YOUR TASK: Of the entries below, repeat exactly only those lines from the one containing "A daily word" through the last line, with pictures omitted.
- - -
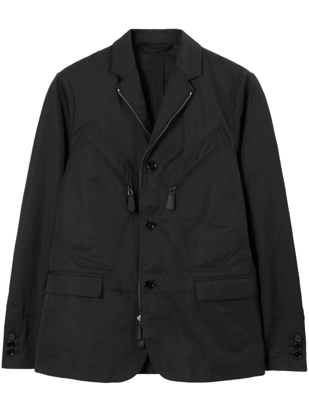 satin-finish tailored jacket Highlights - Black - Cotton - Satin finish - Embroidered logo at the chest - Notched lapels - Buttoned-cuff sleeves - Central rear vent - Two zip-fastening chest pockets - Two front flap pockets - Long sleeves - Front button and zip fastening - Blazer style - Straight hem Made in Italy Composition Cotton 51%, Polyamide 49%
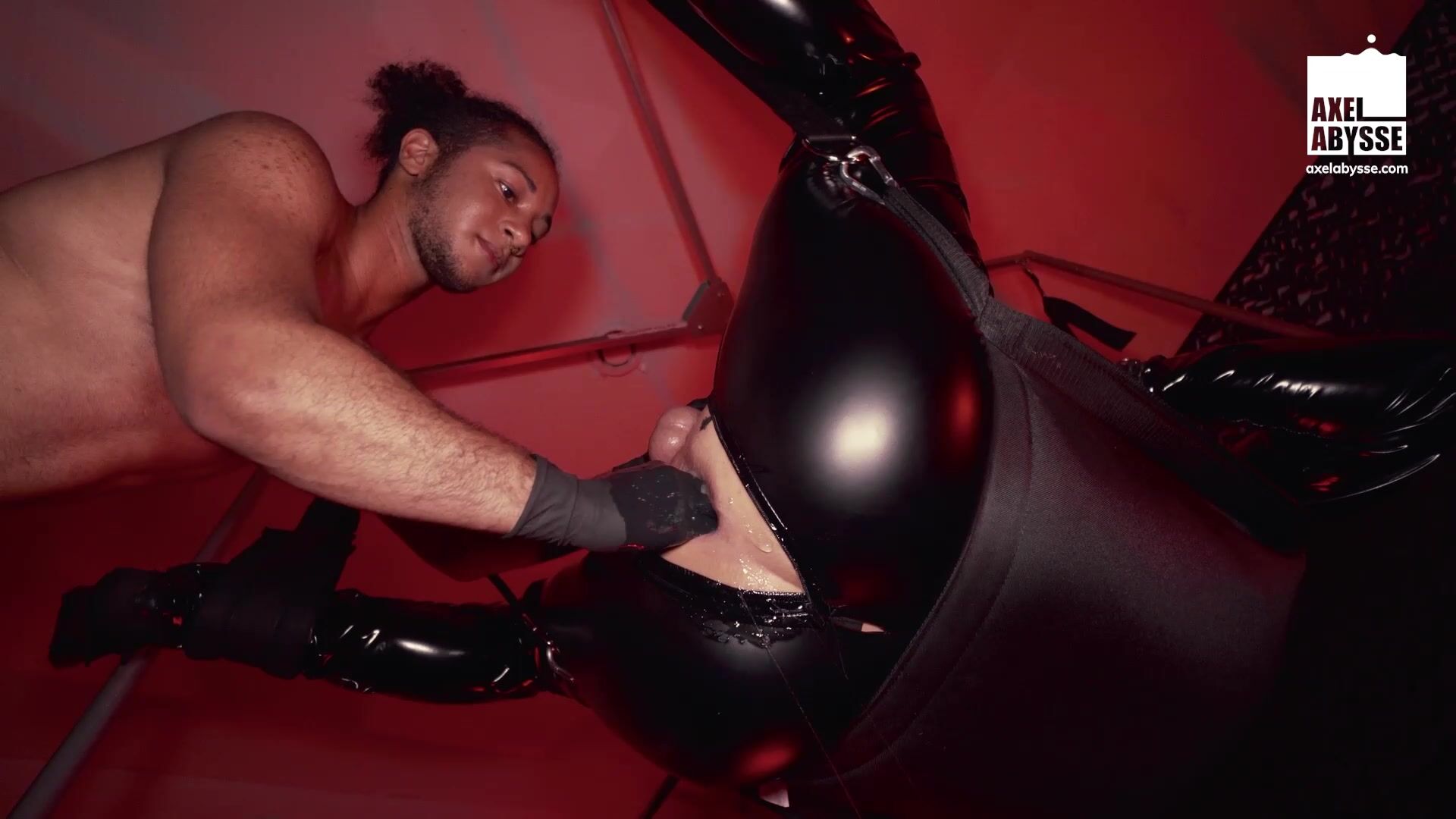 This gimp has the biggest hole in Paris. He spreads his legs in the sling for his master Glitx, ready to take an elbow deep dive.
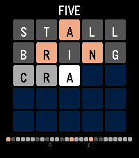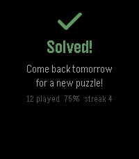 A daily word puzzle for your wrist, a wordle clone ;). Guess the five-letter word in 5 tries. Letters turn green (correct), yellow (wrong spot), or gray (not in word). One new puzzle every day -- play it on the go in seconds. Tracks your stats, win percentage, and streak. Supports Pebble Time 2 and Pebble Time Round.
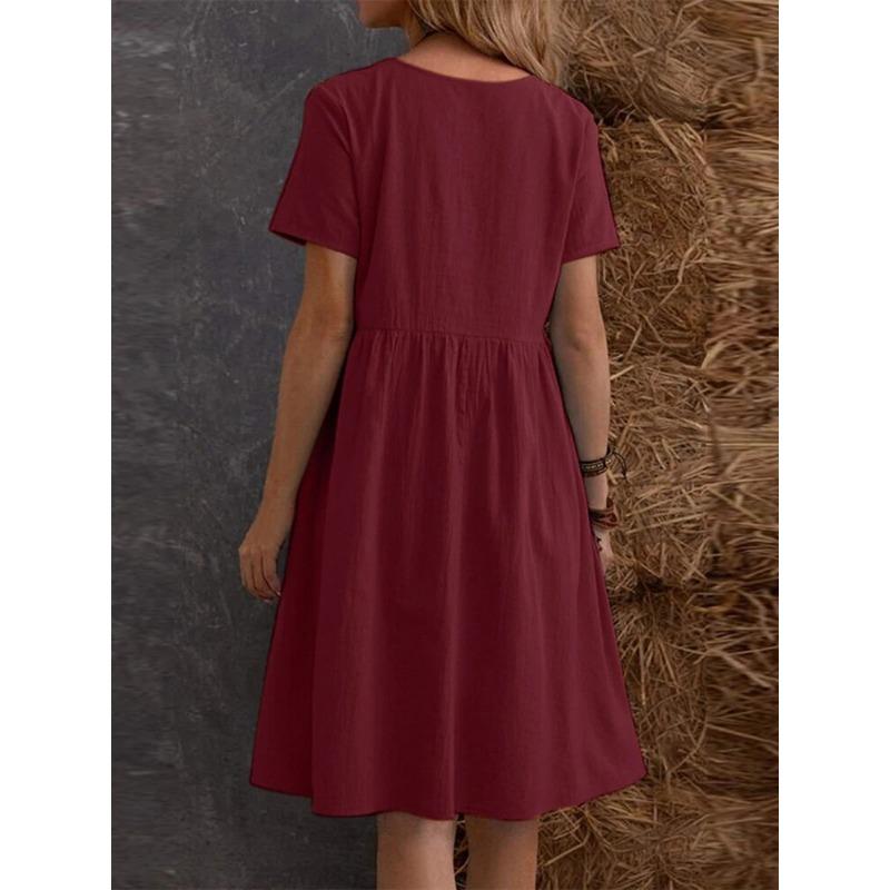 Летние ретро свободные карманы однотонные круглые шеи женские хлопковые льняные повседневные платья
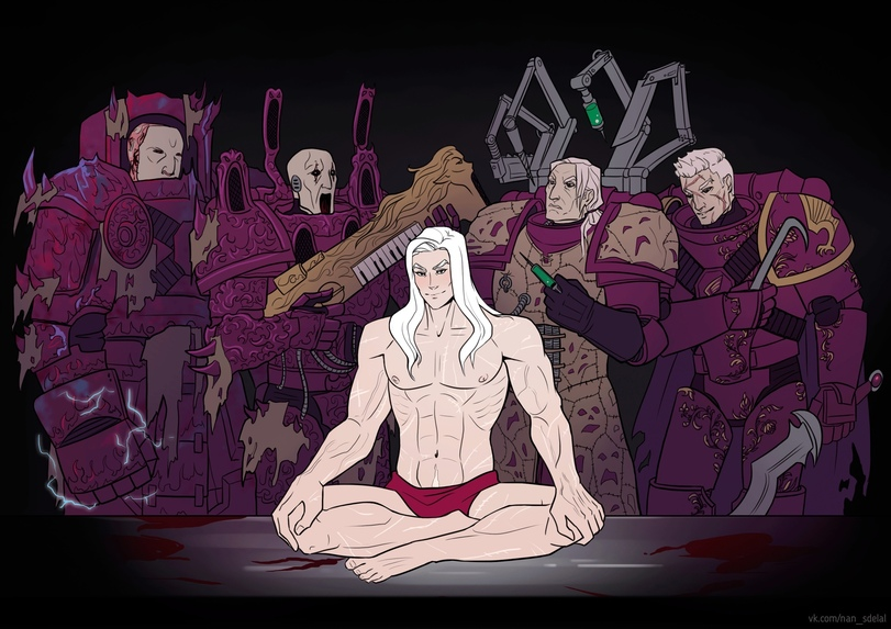Идеи примерно такие: Хренд, гачи-дарки, поэмы Льва, сахарные эльдар под ручку с Серыми, продавцы топоров, нипридавал, Уд Раскиян, Ариман Сладостный, а дальше сами думайте.
- - -
SOLUTION TO THIS PROBLEM:
 A daily word puzzle for your wrist, a wordle clone ;). Guess the five-letter word in 5 tries. Letters turn green (correct), yellow (wrong spot), or gray (not in word). One new puzzle every day -- play it on the go in seconds. Tracks your stats, win percentage, and streak. Supports Pebble Time 2 and Pebble Time Round.
 Летние ретро свободные карманы однотонные круглые шеи женские хлопковые льняные повседневные платья
Идеи примерно такие: Хренд, гачи-дарки, поэмы Льва, сахарные эльдар под ручку с Серыми, продавцы топоров, нипридавал, Уд Раскиян, Ариман Сладостный, а дальше сами думайте.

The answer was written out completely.